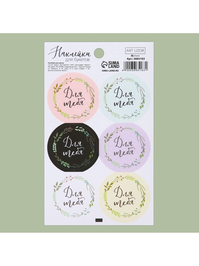 Наклейки для подарков и цветов «Для тебя», 16 х 9 см — Характеристики
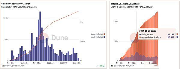 比如 clanker,作为 base 生态上的 ai agent 明星项目,可以从链上数据可以看到在 11 月 26 号之后,无论是发行的代币数量、交易者还是链上收入都开始下滑,而这样的趋势也立即反应在了代币价格上。
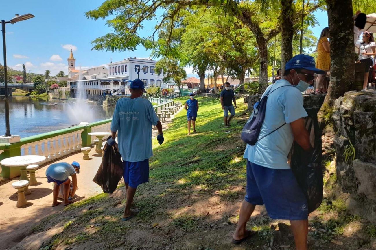 Os coletores também distribuíram sacolas plásticas para coleta do lixo aos visitantes da tradicional feirinha de artesanato de Morretes.

__WHAT TO WORK ON__
The lines to repeat run from the line containing "比如 clanker,作为 base" through the last line of the material above; give them exactly, without the pictures.

__WRITTEN REPLY__
 比如 clanker,作为 base 生态上的 ai agent 明星项目,可以从链上数据可以看到在 11 月 26 号之后,无论是发行的代币数量、交易者还是链上收入都开始下滑,而这样的趋势也立即反应在了代币价格上。
 Os coletores também distribuíram sacolas plásticas para coleta do lixo aos visitantes da tradicional feirinha de artesanato de Morretes.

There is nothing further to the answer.